A user can outline the problem areas or can perform other functions
that assist the correction process. Finally, the methods described
in present disclosure can be implemented in a computer program
whose steps and functions are driven by a user in a more manual
manner. Under this scenario the user can select areas of image to
be corrected, can chose the correction methods applied, and can
chose the stereoscopic parameters to be applied. Automated methods
can also be implemented under this scenario to supplement the
manual functions and potentially apply automated methods to a part
of an image and manual methods to other parts of the image. The
user can utilize a mouse, a keyboard, or gestures in a
touch-sensitive surface to define such operations.
[0035] Several other methods can be deployed to facilitate easy
editing use of three-dimensional images. One example method is to
quickly change display modes from three-dimensional, to
two-dimensional and view left, right, or overlay of both the right
and left images to determine the proper correction methodology.
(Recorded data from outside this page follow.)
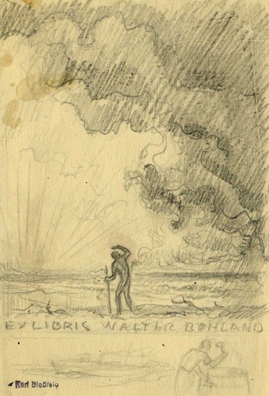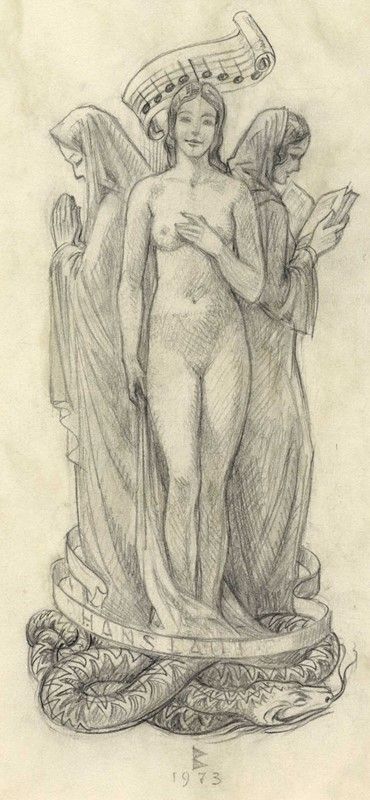 Raccolta di 3 disegni preparatori a matita per ex libris. mm 140/147x98/107. Tutte con timbro dell'artista in basso a sinistra. SI AGGIUNGONO: 1) Id., Ex libris Dr. mes. Gunther Ertel. Acquaforte. mm 115x72. Foglio: mm 200x150. Firmato a matita in basso a destra, timbro dell'artista al verso. Incisione finale dei disegni preparatori descritti precedentemente. 2) Anonimo del XX secolo, Senza titolo. Matita su carta applicata a cartone. mm 280x212. Monogrammato e datato 1973 al margine inferiore.
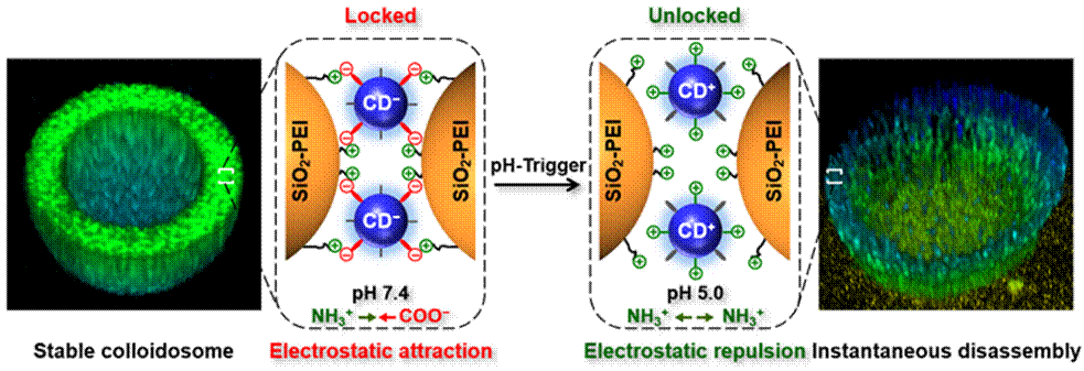 为此,周绍兵教授团队设计了一类动态复合胶体囊(colloidosomes),该微囊依赖于一个可逆而灵巧的静电作用策略,兼具可靠封装与超快释放能力。该团队以聚乙烯亚胺改性的二氧化硅纳米颗粒(SiO2-PEI NPs, 22 nm)和两性离子型碳点(CDs, 5.5 nm)为单元粒子,通过Pickering乳液自组装一步制备载货微囊。在pH 7.4时,正电性SiO2-PEI NPs与负电性CDs以静电吸引力组成牢固的微囊壳,高效封装内容物;在pH 5.0时,由于表面功能基团质子化,碳点电荷迅速反转,成壳粒子间由静电吸引(拉)突变为静电排斥(推),使囊发生瞬间解体从而快速释放内容物。以异硫氰酸荧光素标记的葡聚糖(10000分子量)为模型药物,其包载率和包载量分别达到86.9%和24.3%,在储存状态下1个月仅渗漏5.5%,而一旦触发于5分钟内几乎完全释放(>90%)。以具有生物活性的酶分子为模型药物证明,该体系生物相容性高,酶活性保持良好。
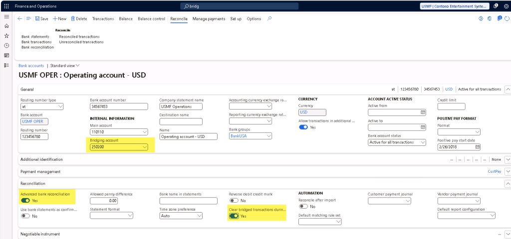 It is also possible to automatically clear the bridged transactions without needing a user to manually retrieve and post the general journal to clear the transaction. To do so, there is a feature called “Automatic clear bridged transactions through advanced bank reconciliation” which should have already been on by default.
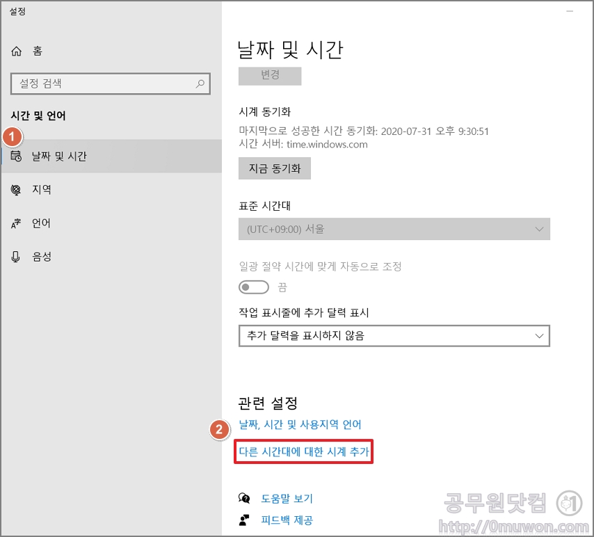 ▼ "날짜 및 시간" 설정에서 관련설정 중 "다른 시간대에 대한 시간 추가" 메뉴를 클릭합니다.
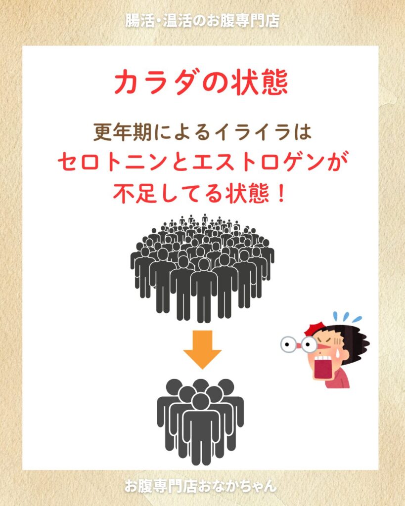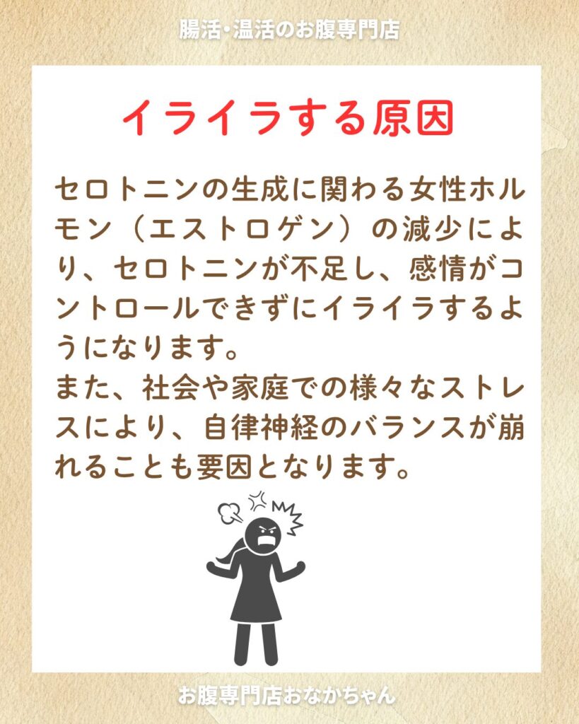 セロトニンの生成に関わる女性ホルモン(エストロゲン)の減少により、セロトニンが不足し、感情がコントロールできずにイライラするようになります。
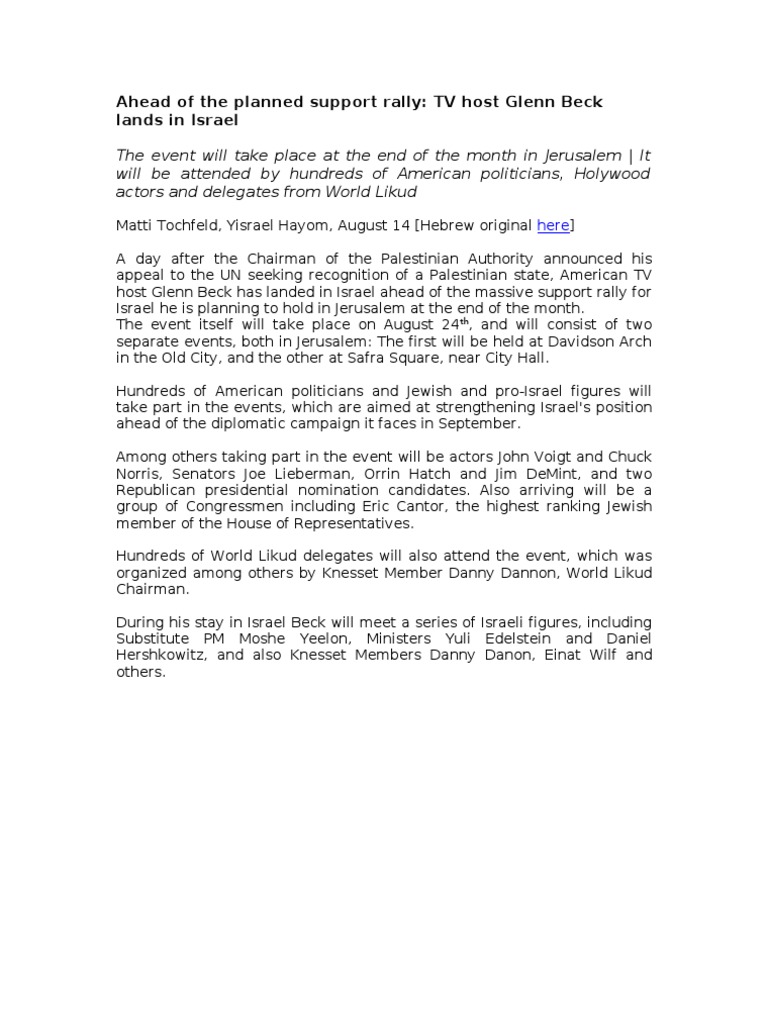 Yisrael Hayom Aug14-11 (Glenn Beck ENG)
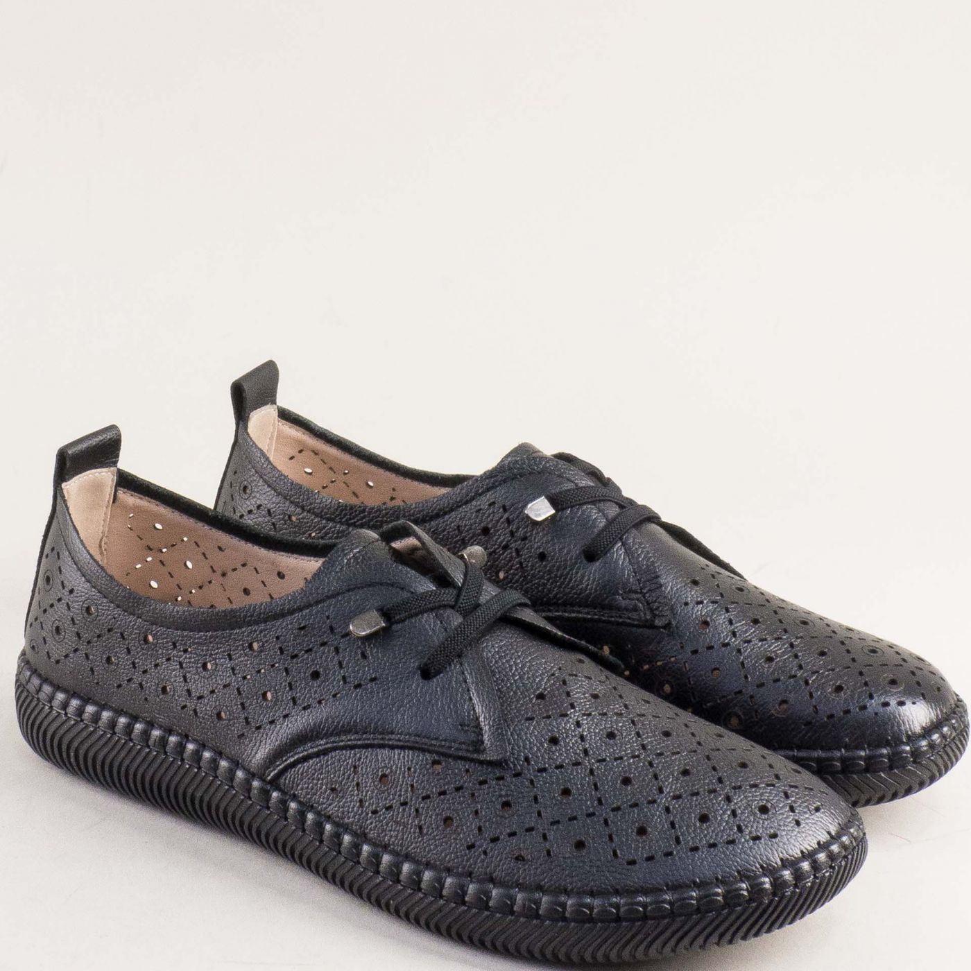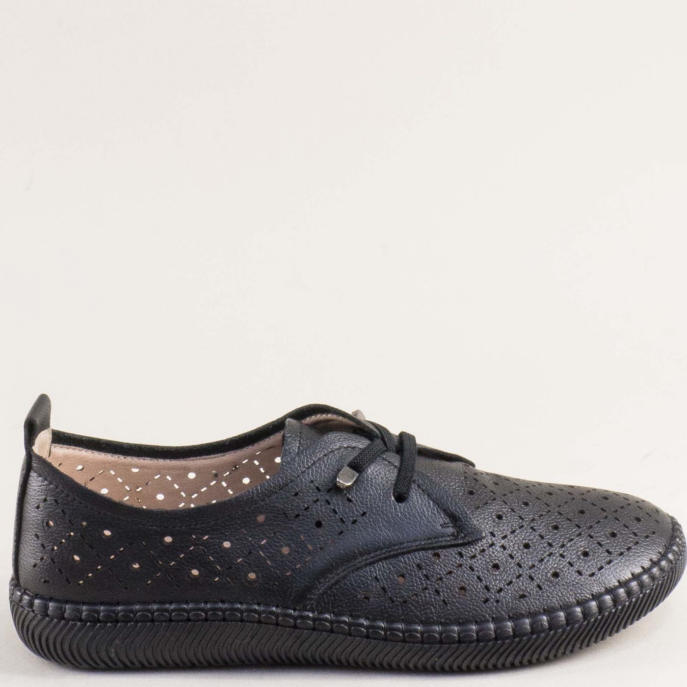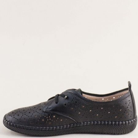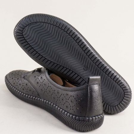 Перфорирани дамски обувки от естествена кожа в черен цвят 043293ch

Factors such as what is behind the object or whether there are
enough data to cover the occlusion zones that can be created by the
movement of objects need to be accounted during this selection.
[0036] The method of FIG. 4 may start at step 400. The method may
include changing left and right properties (step 402). For example,
this step may involve changing the assignment of the
three-dimensional image so the left image to become the right one,
and the right image to become the left one. This change can correct
the order at which the three-dimensional image has been captured,
or sets the correct order for proper stereoscopic viewing in
three-dimensional displays. Subsequently, the method includes a
registration step 404 that can improve the alignment of the left
and right images with respect to each other.
[0037] The method of FIG. 4 includes cropping and resizing (step
406). This step can set the proper framing. In case there are color
differences between the left and right images, a color correction
step 408 can be performed. If the three-dimensional image has been
created by taking two pictures side-by-side using a single camera,
there is a possibility that at least one object in the scene was
moved during that time. The correction of moving objects process
(step 410) can correct from such problems. In case the
three-dimensional image has properties that violate safe viewing of
the three-dimensional image, a parallax correction process (step
412) can be applied. Subsequently, screen plane adjustment as well
as other image enhancements (step 414) can be applied to improve
the overall viewing experience. Edits can be saved, and the editing
process may end (step 416). It should be noted that those steps can
be performed in different order. In addition, the steps can be
executed in an automated manner or using manual assist from the
user, as well as a combination thereof.
[0038] The correction processes described in FIG. 4 at steps 410
and 412 are shown in FIG. 4. The correction process can be applied
in a fully automated manner for the entire image. It should be
noted that any of the steps shown in FIG. 4 can be bypassed. If the
fully automated process produces acceptable results, the editing
process ends. If the results are not optimal, the user can discard
all changes and invoke the manual correction mode or select only an
area for manual editing that has not produced the desired results.
The automated correction results can be rejected for the selected
area, whereas the correction results for the non-corrected regions
can be maintained. The selection process can also be accomplished
in a reversed manner where the selected area keeps the automated
results whereas the non-selected are the areas where corrections
are rejected. Whereas correction is performed in either manual or
automated manner, the editing process may be the same.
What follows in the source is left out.